■ WHAT IS NEEDED ■
Could you copy out all the lines in the material below where the word "Size" occurs?

■ SOURCE RECORDS ■
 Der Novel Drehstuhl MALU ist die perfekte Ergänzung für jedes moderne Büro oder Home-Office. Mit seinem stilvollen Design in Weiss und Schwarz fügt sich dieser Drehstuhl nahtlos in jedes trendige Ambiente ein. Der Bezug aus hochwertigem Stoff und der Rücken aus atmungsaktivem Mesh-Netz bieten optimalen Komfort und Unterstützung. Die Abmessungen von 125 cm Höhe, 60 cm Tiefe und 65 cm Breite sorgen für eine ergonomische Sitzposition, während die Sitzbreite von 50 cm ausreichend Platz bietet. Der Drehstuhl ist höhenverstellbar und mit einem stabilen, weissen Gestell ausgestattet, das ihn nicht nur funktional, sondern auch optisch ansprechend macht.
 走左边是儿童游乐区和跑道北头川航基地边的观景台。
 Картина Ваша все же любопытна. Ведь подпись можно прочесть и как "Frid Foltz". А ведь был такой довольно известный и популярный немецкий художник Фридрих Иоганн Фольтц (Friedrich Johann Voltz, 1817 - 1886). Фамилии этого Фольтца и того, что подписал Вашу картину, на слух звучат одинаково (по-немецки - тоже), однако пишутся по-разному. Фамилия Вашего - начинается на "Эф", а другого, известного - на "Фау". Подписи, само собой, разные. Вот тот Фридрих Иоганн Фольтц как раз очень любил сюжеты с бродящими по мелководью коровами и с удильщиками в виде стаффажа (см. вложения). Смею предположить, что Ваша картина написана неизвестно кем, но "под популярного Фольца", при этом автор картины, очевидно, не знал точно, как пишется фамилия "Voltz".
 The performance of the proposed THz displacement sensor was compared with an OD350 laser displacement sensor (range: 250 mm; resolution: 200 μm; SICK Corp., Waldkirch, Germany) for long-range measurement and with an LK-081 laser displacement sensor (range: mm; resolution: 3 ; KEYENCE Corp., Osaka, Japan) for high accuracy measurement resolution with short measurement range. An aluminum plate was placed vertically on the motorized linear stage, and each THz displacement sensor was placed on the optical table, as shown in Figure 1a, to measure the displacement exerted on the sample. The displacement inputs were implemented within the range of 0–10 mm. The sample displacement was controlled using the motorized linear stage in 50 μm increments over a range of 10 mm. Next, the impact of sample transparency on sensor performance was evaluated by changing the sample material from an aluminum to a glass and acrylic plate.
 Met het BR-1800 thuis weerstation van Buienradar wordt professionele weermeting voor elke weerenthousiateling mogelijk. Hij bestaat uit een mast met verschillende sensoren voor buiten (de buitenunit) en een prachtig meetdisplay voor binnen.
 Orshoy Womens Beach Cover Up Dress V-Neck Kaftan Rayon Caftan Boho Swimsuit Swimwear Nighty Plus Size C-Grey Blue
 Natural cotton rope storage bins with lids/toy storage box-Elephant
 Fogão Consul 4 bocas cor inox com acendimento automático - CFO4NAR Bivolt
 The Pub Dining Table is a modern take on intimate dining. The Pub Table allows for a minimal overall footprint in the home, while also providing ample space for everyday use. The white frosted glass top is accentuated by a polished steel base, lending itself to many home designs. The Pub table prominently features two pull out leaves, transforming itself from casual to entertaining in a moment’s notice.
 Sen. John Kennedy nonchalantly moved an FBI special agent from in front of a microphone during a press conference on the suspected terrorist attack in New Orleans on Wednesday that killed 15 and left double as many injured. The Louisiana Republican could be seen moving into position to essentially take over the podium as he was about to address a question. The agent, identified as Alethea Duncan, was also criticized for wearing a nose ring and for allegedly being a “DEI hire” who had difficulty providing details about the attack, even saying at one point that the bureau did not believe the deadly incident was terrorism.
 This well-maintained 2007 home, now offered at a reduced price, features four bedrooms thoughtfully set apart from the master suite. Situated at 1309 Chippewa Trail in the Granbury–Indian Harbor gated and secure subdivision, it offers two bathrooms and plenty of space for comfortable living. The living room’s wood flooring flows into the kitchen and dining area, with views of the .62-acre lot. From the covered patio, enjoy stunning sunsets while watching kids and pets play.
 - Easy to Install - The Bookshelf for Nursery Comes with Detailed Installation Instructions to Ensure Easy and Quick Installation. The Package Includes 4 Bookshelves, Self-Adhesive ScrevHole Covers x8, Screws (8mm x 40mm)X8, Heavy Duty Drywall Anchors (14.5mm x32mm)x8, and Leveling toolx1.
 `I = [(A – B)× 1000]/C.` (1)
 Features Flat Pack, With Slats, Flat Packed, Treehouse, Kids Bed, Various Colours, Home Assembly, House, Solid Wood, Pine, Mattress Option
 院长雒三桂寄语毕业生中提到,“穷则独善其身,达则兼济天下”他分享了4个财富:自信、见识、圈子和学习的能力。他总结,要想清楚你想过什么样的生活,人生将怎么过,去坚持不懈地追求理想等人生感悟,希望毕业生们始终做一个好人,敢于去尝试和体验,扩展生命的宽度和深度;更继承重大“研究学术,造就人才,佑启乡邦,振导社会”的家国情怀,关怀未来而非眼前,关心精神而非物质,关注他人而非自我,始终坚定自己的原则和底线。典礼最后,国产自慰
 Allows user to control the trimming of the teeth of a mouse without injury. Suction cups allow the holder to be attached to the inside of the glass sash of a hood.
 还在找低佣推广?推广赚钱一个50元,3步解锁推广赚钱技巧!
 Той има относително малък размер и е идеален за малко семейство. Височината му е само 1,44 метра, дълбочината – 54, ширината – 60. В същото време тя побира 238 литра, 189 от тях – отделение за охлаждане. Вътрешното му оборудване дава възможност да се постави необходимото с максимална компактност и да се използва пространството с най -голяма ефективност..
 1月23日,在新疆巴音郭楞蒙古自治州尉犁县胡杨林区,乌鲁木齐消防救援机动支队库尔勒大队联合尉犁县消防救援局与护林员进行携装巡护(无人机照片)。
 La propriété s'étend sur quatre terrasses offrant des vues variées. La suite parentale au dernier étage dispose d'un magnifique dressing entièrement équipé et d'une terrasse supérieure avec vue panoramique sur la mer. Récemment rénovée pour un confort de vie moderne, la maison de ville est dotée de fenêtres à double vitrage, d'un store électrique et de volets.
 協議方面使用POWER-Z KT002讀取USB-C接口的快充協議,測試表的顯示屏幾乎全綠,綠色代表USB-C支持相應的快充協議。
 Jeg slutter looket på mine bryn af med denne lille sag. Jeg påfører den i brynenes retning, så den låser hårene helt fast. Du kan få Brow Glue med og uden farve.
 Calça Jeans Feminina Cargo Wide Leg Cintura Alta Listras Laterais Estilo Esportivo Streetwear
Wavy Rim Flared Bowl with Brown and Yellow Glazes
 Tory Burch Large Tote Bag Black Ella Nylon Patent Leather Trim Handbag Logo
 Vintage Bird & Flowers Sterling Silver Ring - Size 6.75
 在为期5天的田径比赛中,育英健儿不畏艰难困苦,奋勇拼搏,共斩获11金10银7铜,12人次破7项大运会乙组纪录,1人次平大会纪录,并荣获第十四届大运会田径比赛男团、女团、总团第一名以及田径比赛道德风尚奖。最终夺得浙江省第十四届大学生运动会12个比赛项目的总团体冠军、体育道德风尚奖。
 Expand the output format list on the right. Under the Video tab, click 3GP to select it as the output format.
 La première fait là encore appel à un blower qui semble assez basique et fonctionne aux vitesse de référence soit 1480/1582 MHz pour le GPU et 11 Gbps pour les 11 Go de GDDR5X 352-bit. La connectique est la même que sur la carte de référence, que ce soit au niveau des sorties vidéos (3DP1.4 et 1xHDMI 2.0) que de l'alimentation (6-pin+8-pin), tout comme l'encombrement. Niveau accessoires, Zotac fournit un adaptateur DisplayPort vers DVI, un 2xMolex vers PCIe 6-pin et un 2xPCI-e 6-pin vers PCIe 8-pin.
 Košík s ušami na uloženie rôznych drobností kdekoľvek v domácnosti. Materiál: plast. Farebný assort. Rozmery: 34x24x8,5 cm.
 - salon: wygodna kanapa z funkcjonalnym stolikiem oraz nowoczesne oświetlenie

■ WRITTEN SOLUTION ■
 Orshoy Womens Beach Cover Up Dress V-Neck Kaftan Rayon Caftan Boho Swimsuit Swimwear Nighty Plus Size C-Grey Blue
 Vintage Bird & Flowers Sterling Silver Ring - Size 6.75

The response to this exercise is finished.